Your copy of the data should match it exactly, except that the pictures are gone.

▶ _SUPPLIED MATERIAL_:
---*---

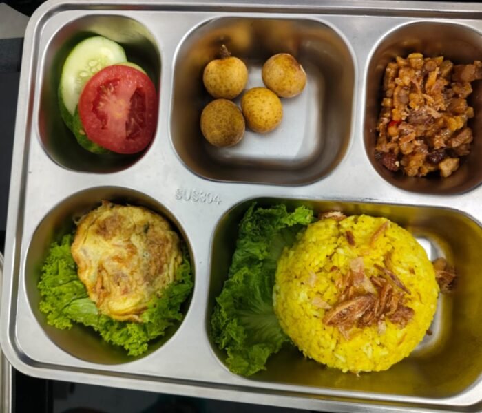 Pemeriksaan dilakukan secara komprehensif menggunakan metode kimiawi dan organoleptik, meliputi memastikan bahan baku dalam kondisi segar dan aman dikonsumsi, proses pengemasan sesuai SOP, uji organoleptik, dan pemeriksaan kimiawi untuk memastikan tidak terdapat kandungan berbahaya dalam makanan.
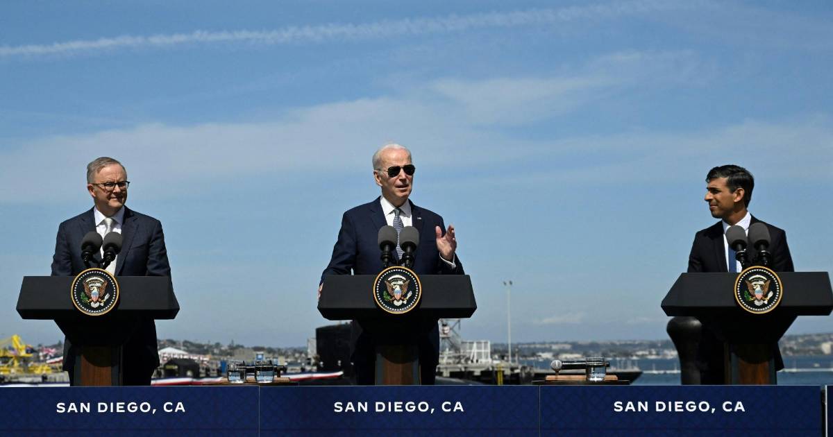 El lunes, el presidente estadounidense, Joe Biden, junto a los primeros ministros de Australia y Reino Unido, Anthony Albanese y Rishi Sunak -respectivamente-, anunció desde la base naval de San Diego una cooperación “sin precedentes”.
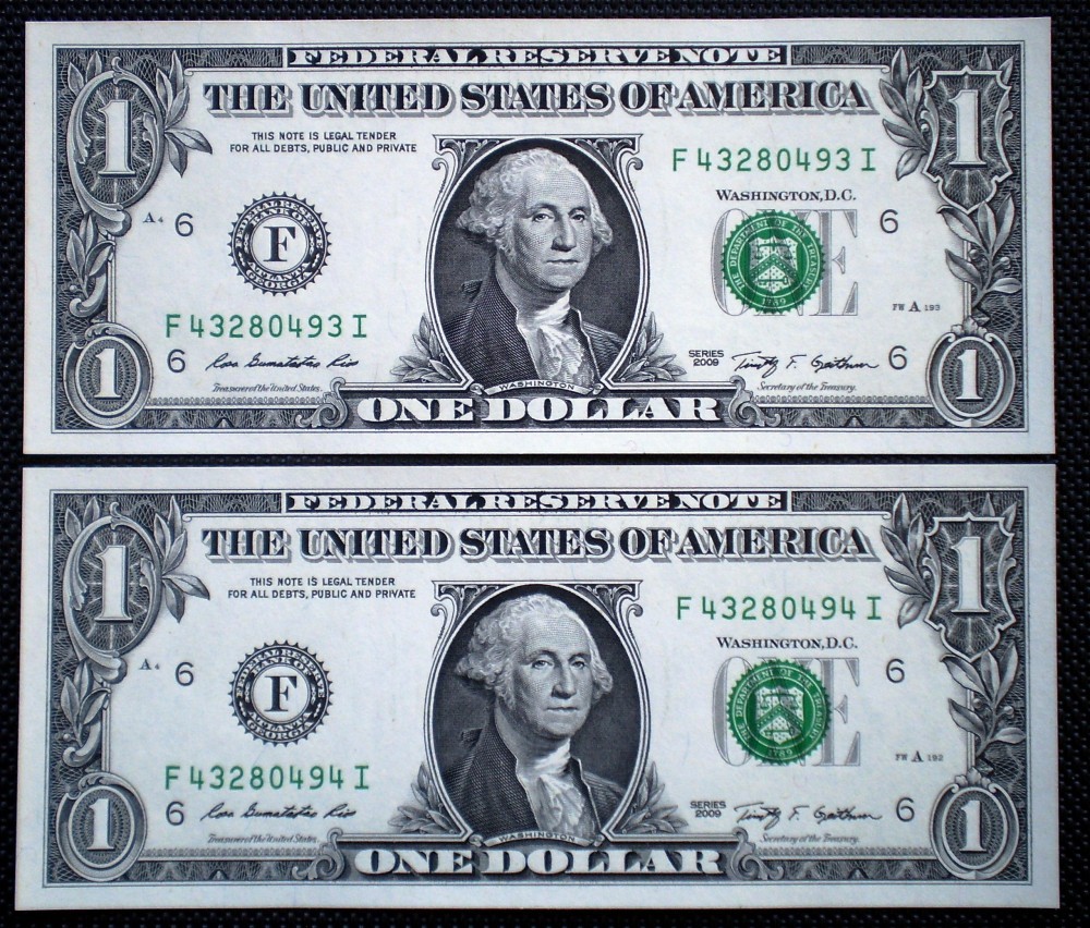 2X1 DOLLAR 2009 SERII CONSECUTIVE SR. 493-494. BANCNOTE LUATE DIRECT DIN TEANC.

---*---

▶ _THE COMPLETED TASK_:
 Pemeriksaan dilakukan secara komprehensif menggunakan metode kimiawi dan organoleptik, meliputi memastikan bahan baku dalam kondisi segar dan aman dikonsumsi, proses pengemasan sesuai SOP, uji organoleptik, dan pemeriksaan kimiawi untuk memastikan tidak terdapat kandungan berbahaya dalam makanan.
 El lunes, el presidente estadounidense, Joe Biden, junto a los primeros ministros de Australia y Reino Unido, Anthony Albanese y Rishi Sunak -respectivamente-, anunció desde la base naval de San Diego una cooperación “sin precedentes”.
 2X1 DOLLAR 2009 SERII CONSECUTIVE SR. 493-494. BANCNOTE LUATE DIRECT DIN TEANC.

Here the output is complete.